> _SUPPLIED DATA_:
*****

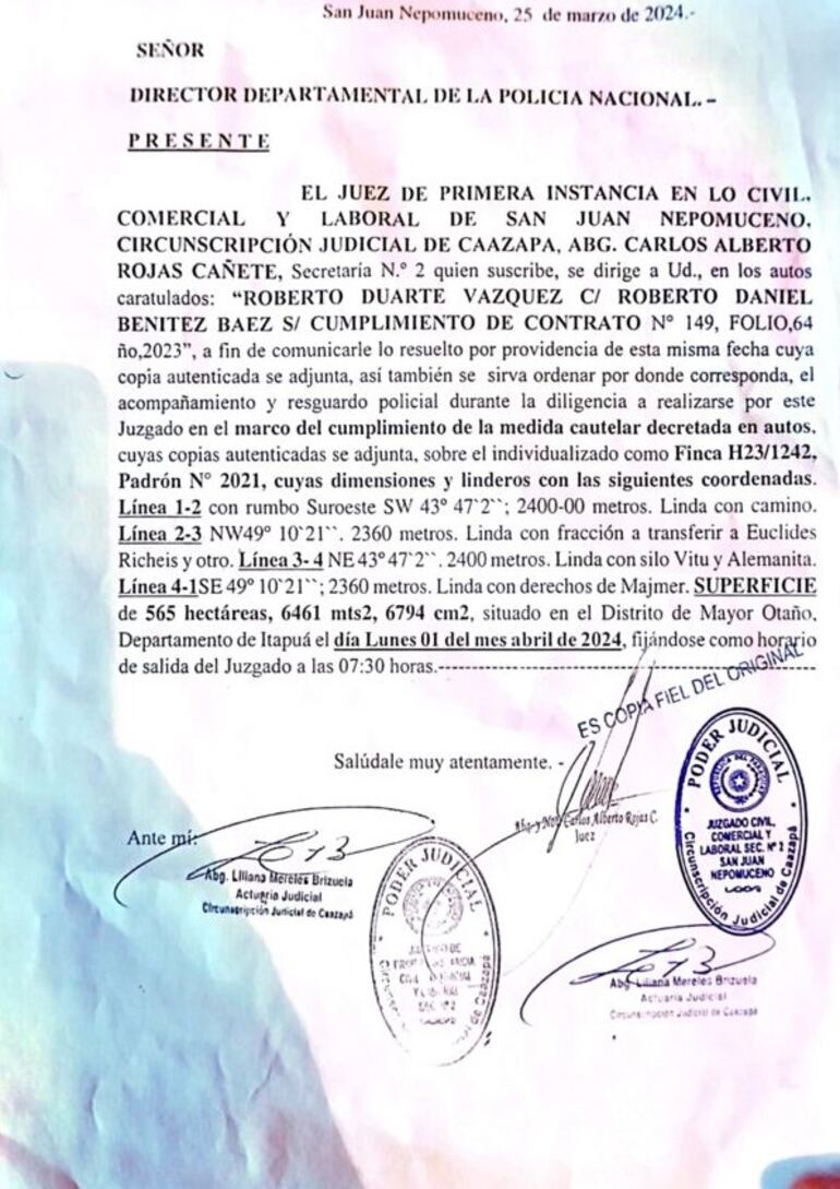 El director departamental de la Policía Nacional en Itapúa, Comisario General Carlos Acosta, encabezó un acompañamiento a una constitución judicial emanada por un juez de San Juan Nepomuceno de la circunscripción judicial de Caazapá, Carlos Alberto Rojas Cañete, para medir un terreno que se encuentra en litigios judiciales. Para el procedimiento arribaron hasta el lugar 15 patrulleras con 50 efectivos policiales el pasado lunes.
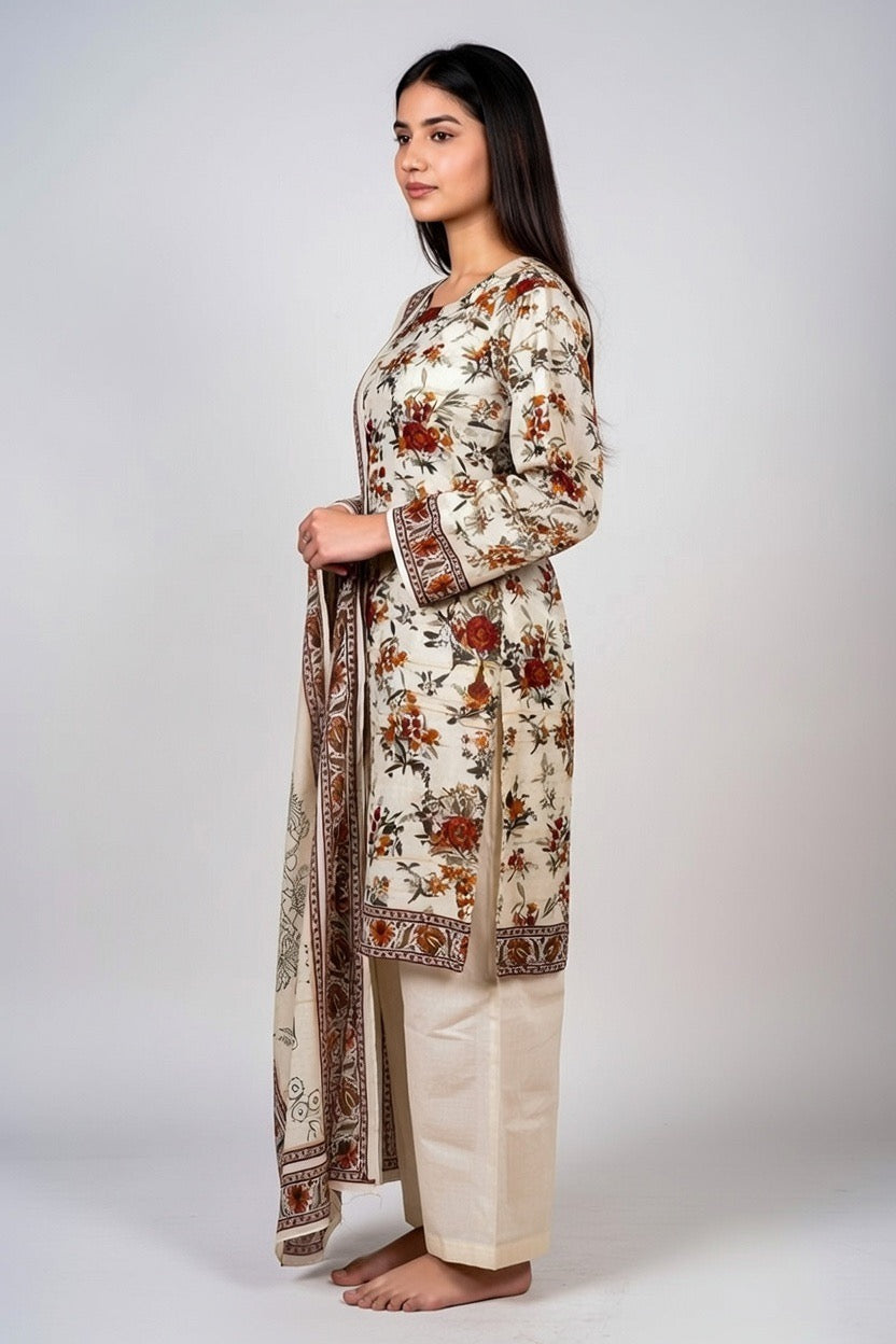 The kameez (tunic/top) is crafted from luxurious khaddar fabric—a beautifully textured, warm cotton-wool blend that’s soft against the skin and ideal for cooler weather, providing cozy comfort without bulk. The soft off-white base is beautifully adorned with a vibrant yet delicate all-over floral print featuring clusters of blooming roses, sunflowers, and assorted blossoms in rich rust orange, reddish-brown, terracotta, and muted gold/earthy tones, accented by subtle grayish-black outlines and stems for a hand-block or traditional kalamkari-inspired aesthetic. This creates a cheerful, nature-inspired motif that’s lively against the neutral ground. The neckline is a simple, flattering round or scoop style, paired with full-length sleeves finished with intricate border detailing in matching rust-brown floral and geometric patterns. A coordinating hem border adds polished elegance with repeating motifs and fine lines. Designed in a short-length style, it offers a modern, contemporary silhouette—falling gracefully to mid-thigh or just above the knee—with side slits for ease of movement and a modest, flattering fit.
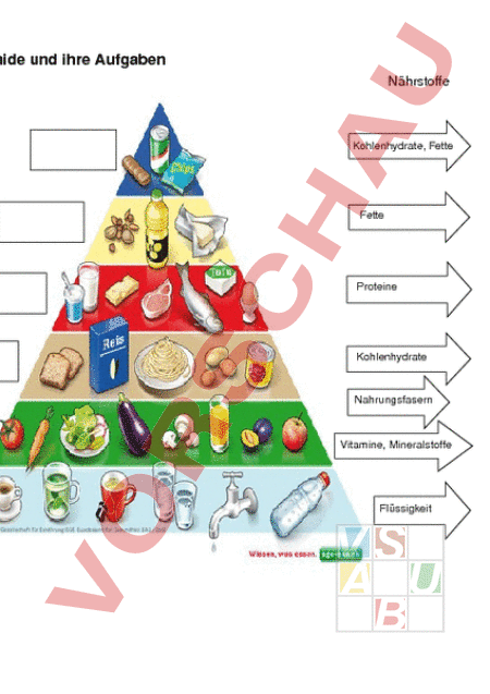 Die Pyramide und ihre Aufgaben Nährstoffe Kohlenhydrate, Fette Fette Aufgaben im Körper Schnelle Energielieferanten Hochkonzentrierte Energie/ fettlösliche Vitamine Proteine Baustoffe unseres Körpers Kohlenhydrate Energielieferanten Nahrungsfasern Für eine gute Verdauung Vitamine, Mineralstoffe Lebenswichtige Funktionen in den Zellen Flüssigkeit Lösungs,Transportmittel für Nährstoffe Wärmeregulator

*****

> _TASK OBJECTIVE_:
Recopy the full listing exactly, passing over any picture.

> _RESPONSE TO THIS TASK_:
 El director departamental de la Policía Nacional en Itapúa, Comisario General Carlos Acosta, encabezó un acompañamiento a una constitución judicial emanada por un juez de San Juan Nepomuceno de la circunscripción judicial de Caazapá, Carlos Alberto Rojas Cañete, para medir un terreno que se encuentra en litigios judiciales. Para el procedimiento arribaron hasta el lugar 15 patrulleras con 50 efectivos policiales el pasado lunes.
 The kameez (tunic/top) is crafted from luxurious khaddar fabric—a beautifully textured, warm cotton-wool blend that’s soft against the skin and ideal for cooler weather, providing cozy comfort without bulk. The soft off-white base is beautifully adorned with a vibrant yet delicate all-over floral print featuring clusters of blooming roses, sunflowers, and assorted blossoms in rich rust orange, reddish-brown, terracotta, and muted gold/earthy tones, accented by subtle grayish-black outlines and stems for a hand-block or traditional kalamkari-inspired aesthetic. This creates a cheerful, nature-inspired motif that’s lively against the neutral ground. The neckline is a simple, flattering round or scoop style, paired with full-length sleeves finished with intricate border detailing in matching rust-brown floral and geometric patterns. A coordinating hem border adds polished elegance with repeating motifs and fine lines. Designed in a short-length style, it offers a modern, contemporary silhouette—falling gracefully to mid-thigh or just above the knee—with side slits for ease of movement and a modest, flattering fit.
 Die Pyramide und ihre Aufgaben Nährstoffe Kohlenhydrate, Fette Fette Aufgaben im Körper Schnelle Energielieferanten Hochkonzentrierte Energie/ fettlösliche Vitamine Proteine Baustoffe unseres Körpers Kohlenhydrate Energielieferanten Nahrungsfasern Für eine gute Verdauung Vitamine, Mineralstoffe Lebenswichtige Funktionen in den Zellen Flüssigkeit Lösungs,Transportmittel für Nährstoffe Wärmeregulator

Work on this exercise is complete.